First off, a personal disclosure: During a recent preview of Matthew Warchus’ Pride, I repeatedly found myself smiling, despite weak attempts to suppress my happy expressions. I eventually gave up trying. Pride isn’t really a comedy, but it’s filled with bright, frequently warm humor and it must be the most inspiriting, feel-good picture of the year. It’s about a decidedly unlikely but actual alliance between London gays and striking members of the British miners union in the mid-1980s. The picture is dedicated to emotional and political uplift, and it pulls out a lot of stops in trying to draw audiences in and win them over. I mostly succumbed.

Pride opens with news footage and the voice of Pete Seeger singing “Solidarity Forever.” It’s 1985 and the British mineworkers are striking against the efforts of prime minister Margaret Thatcher’s Conservative government to close many of the country’s mines, and, not incidentally, reduce the power of the union and the Labor Party it supports. In a suburb Joe (George McKay) watches the television coverage of clashes in the city. He has his own reasons for wanting to get away to London. He’s a closeted youth who runs off to march with gays protesting police harassment, and finds himself pressed into an uncomfortably prominent role holding up a banner. Afterwards, he tells an urban-gritty woman that he’s never met a lesbian before and that he’s from Bromley. Eying Joe, who makes Richie Cunningham look like Dorian Gray, she replies, “No shit?” Soon he’s known as Bromley to her and all the people who congregate at a gay bookstore. Pride sometimes cheerfully deals in stereotypical, even symbolic, characters, but its knowing wit and goodwill leaven the material.

It’s a young protest leader, Mark Ashton (Ben Schnetzer, in an intelligent, ultimately moving performance), who comes up with the idea of making common cause with the miners. The politically astute Ashton draws his comrades’ attention not only to the economic plight of the strikers and their families, but the similarities and relevance to their cause. The police concentration on repressing the union has lessened the persecution of gays. (“They’re giving those poor sods the abuse we used to get!”)

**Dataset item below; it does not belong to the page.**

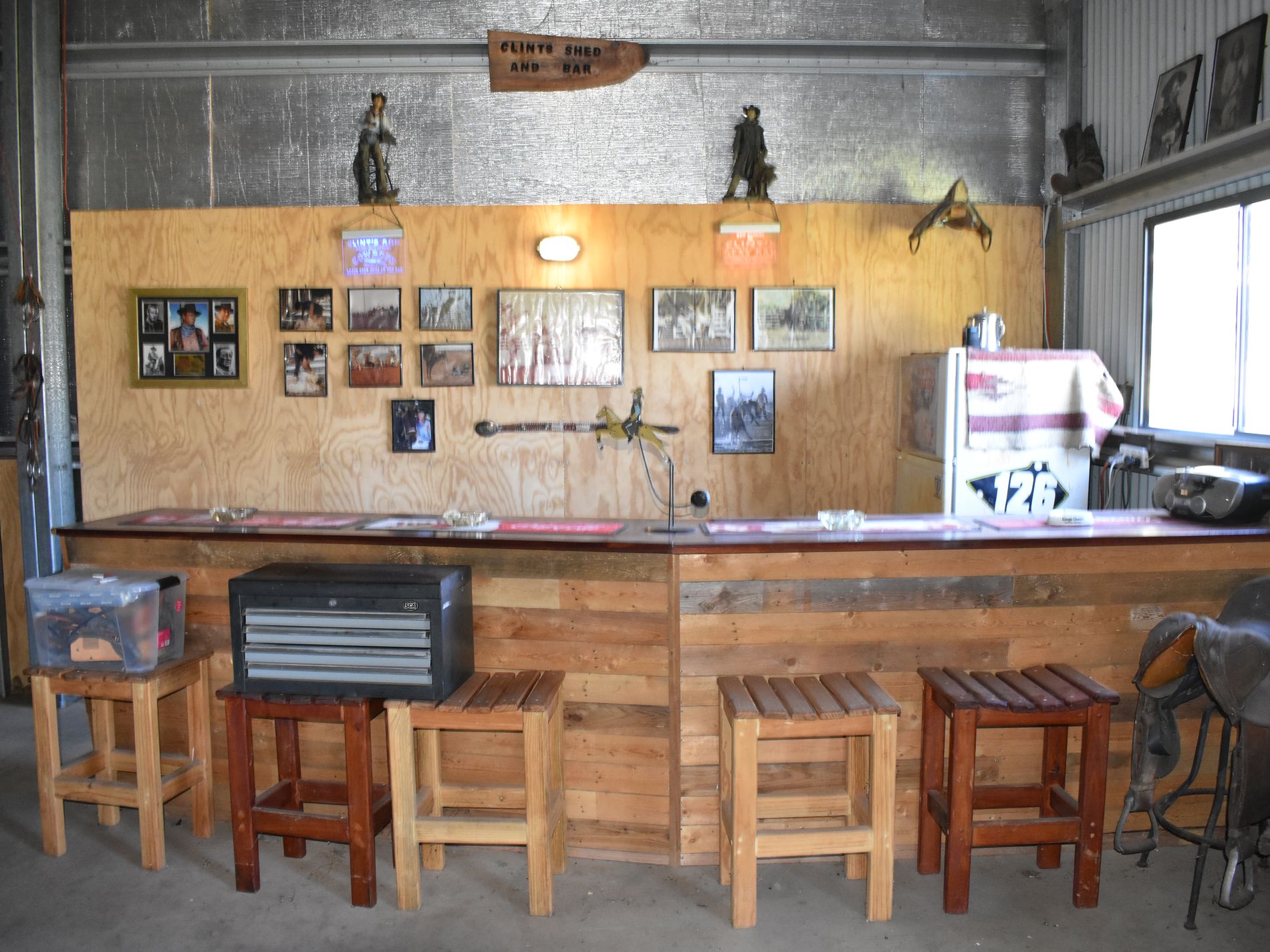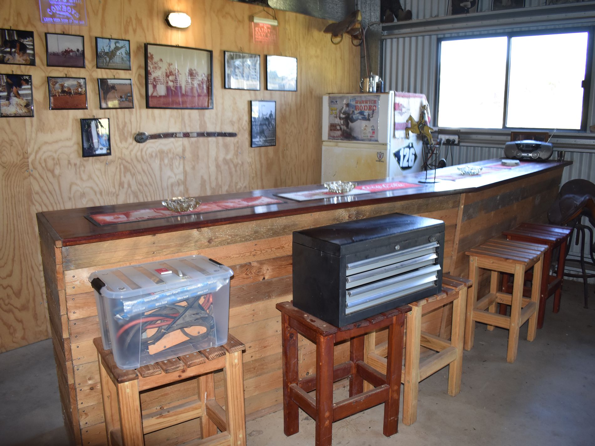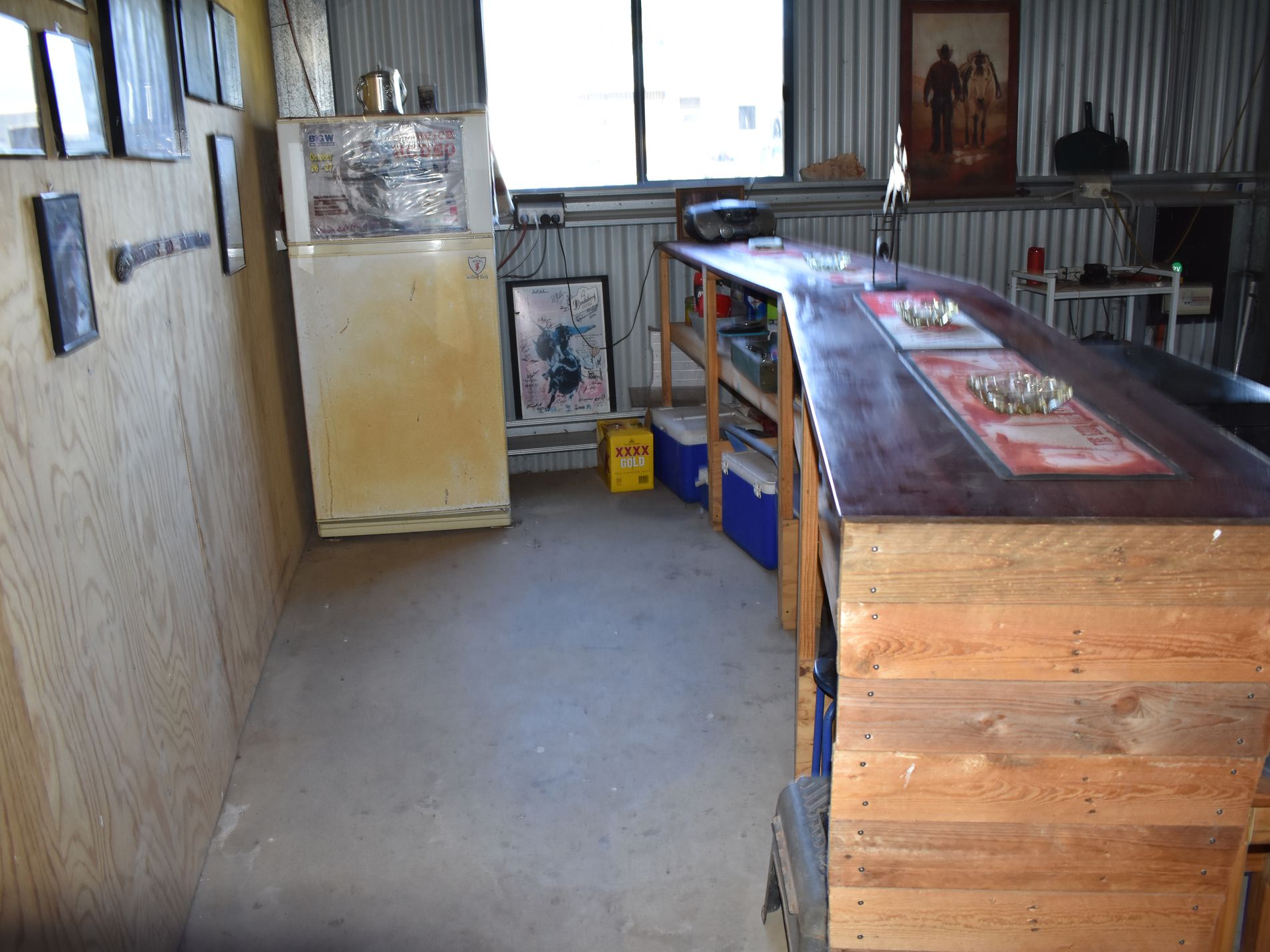 • Approx. 24m x 12m shed, half converted into a fully set-up man cave with bar, pot belly stove, shower, and toilet
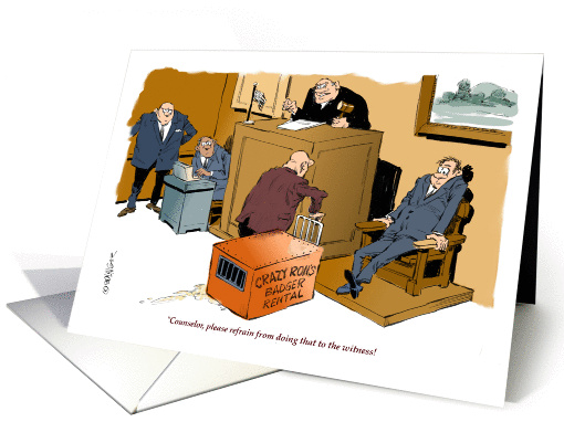 A quality blank any occasion 111 pound cover stock similar to cards you find in museum gift shops. This cartoon scene takes place inside a courtroom where theatrics often take the place of justice. The prosecutor looks like he'd try anything to win!

He convinces a minority of these activists to collect money in buckets on London streets in the name of Lesbians and Gays Support the Miners, later (mining) Pits and Perverts. Their amusing attempt to find someone to accept it proves a little tricky: They don’t know where or how to find any miners. Finally, a union rep from Onllwyn, Wales, a very surprised but grateful guy, shows up, and invites this band to visit his village.

The subsequent uncertain and difficult encounter of big-city homosexuals with proletarian Welsh villagers is the basis for much of the movie’s warmth, comedy and drama. And much of the treatment has an expectable tenor. There’s the anticipatable uneasiness, bewilderment, distaste and hostility. But then comes the gradual dissolving of reserve and resentments, culminating in a liberating disco-dancing lesson to Shirley and Company’s “Shame, Shame, Shame.” Pride makes the point that the village’s women, led by Imelda Stanton’s forthright, fearless Hefina, are more accepting than the menfolk.

Playwright Stephen Beresford’s screenplay handles a large number of characters with briefly told backstories. Beresford heard of Ashton and his campaign as a young man, but only became interested in the tale decades later, when it had largely been forgotten. Pride doesn’t ignore the uglier aspects of the period. Even in Onllwyn, there were unreconciled parties, with nasty consequences. AIDS is a background element in the movie’s story, but it’s recognized in a few incidents, one of them a short scene involving Ashton that’s subtle but resonant.

He was evidently a remarkably insightful young man who understood the need for ordinary people to band together against illicit power, regardless of social barriers and prejudice. This message, not belabored in Pride, is one that many in this country have yet to learn.